» Instructions for the task
Find the line below with "Het abstracte kunstwerk" and the line with "С традиционни песни". Output them and the lines between, exactly, but not the pictures.

» Task input
[Start of Attachment]
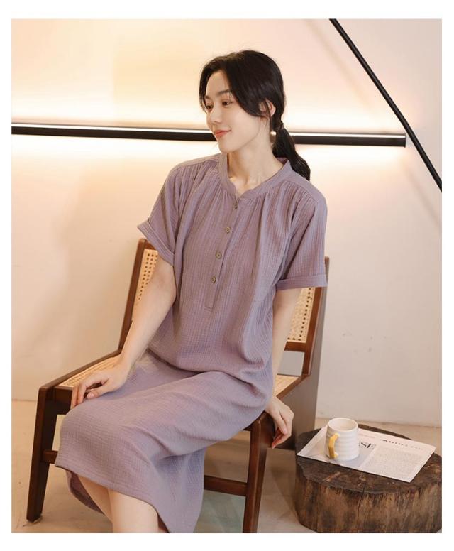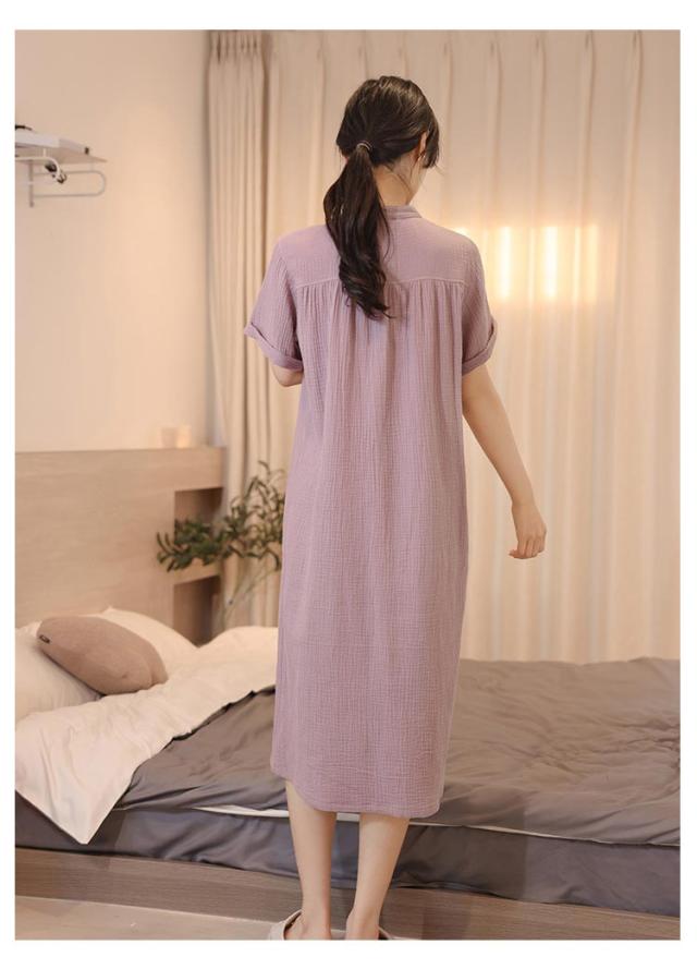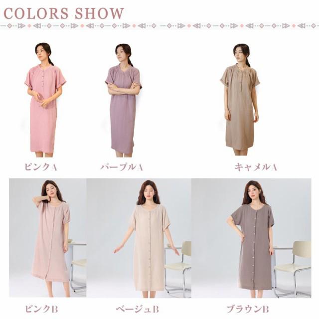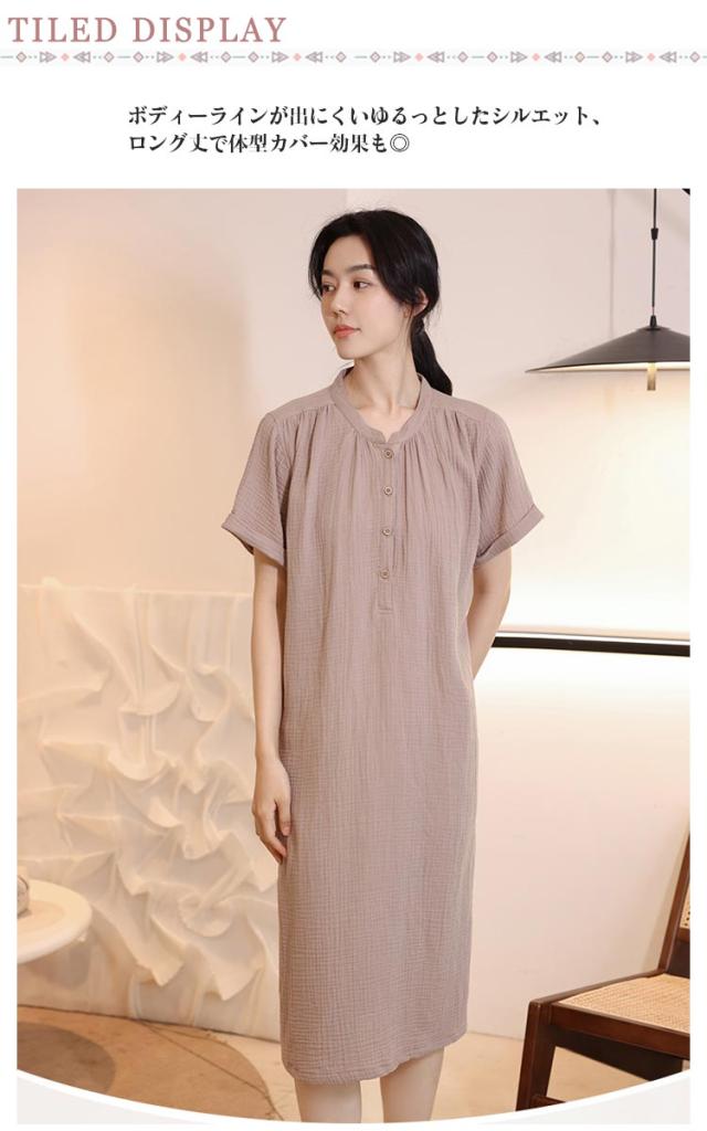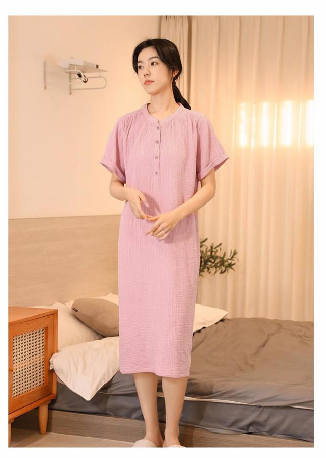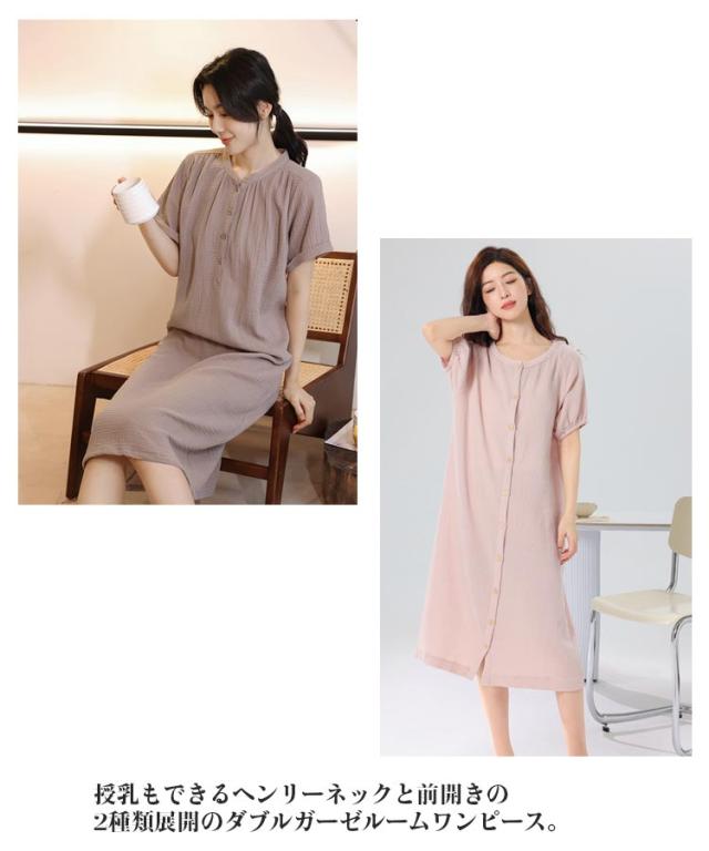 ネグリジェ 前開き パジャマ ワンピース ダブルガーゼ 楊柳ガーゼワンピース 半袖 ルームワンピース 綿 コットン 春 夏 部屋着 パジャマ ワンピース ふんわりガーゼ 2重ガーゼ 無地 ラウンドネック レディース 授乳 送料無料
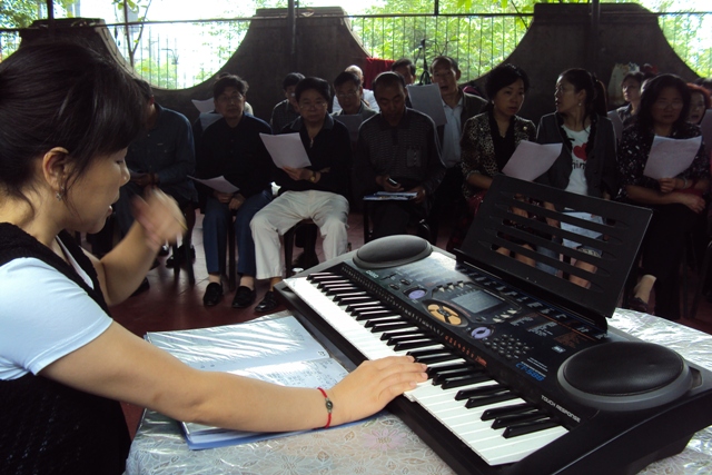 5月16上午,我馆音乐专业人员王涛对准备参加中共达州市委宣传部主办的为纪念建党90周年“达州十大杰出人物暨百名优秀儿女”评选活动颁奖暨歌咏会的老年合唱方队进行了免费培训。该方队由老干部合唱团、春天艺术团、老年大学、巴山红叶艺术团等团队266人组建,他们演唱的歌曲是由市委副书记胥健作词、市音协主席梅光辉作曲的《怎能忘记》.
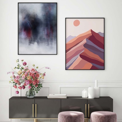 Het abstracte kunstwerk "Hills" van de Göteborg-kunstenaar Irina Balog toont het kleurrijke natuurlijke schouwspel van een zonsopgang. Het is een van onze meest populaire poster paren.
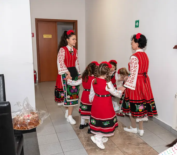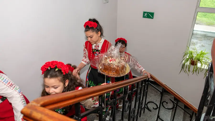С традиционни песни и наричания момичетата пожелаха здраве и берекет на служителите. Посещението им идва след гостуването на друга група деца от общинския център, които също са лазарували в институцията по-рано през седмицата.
[End of Attachment]
[Start of Attachment]
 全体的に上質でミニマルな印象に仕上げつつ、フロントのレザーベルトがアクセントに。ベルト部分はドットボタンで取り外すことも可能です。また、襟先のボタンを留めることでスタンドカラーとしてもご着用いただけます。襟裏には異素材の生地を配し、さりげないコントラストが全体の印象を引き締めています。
[End of Attachment]
» Solution to the exercise
 Het abstracte kunstwerk "Hills" van de Göteborg-kunstenaar Irina Balog toont het kleurrijke natuurlijke schouwspel van een zonsopgang. Het is een van onze meest populaire poster paren.
С традиционни песни и наричания момичетата пожелаха здраве и берекет на служителите. Посещението им идва след гостуването на друга група деца от общинския център, които също са лазарували в институцията по-рано през седмицата.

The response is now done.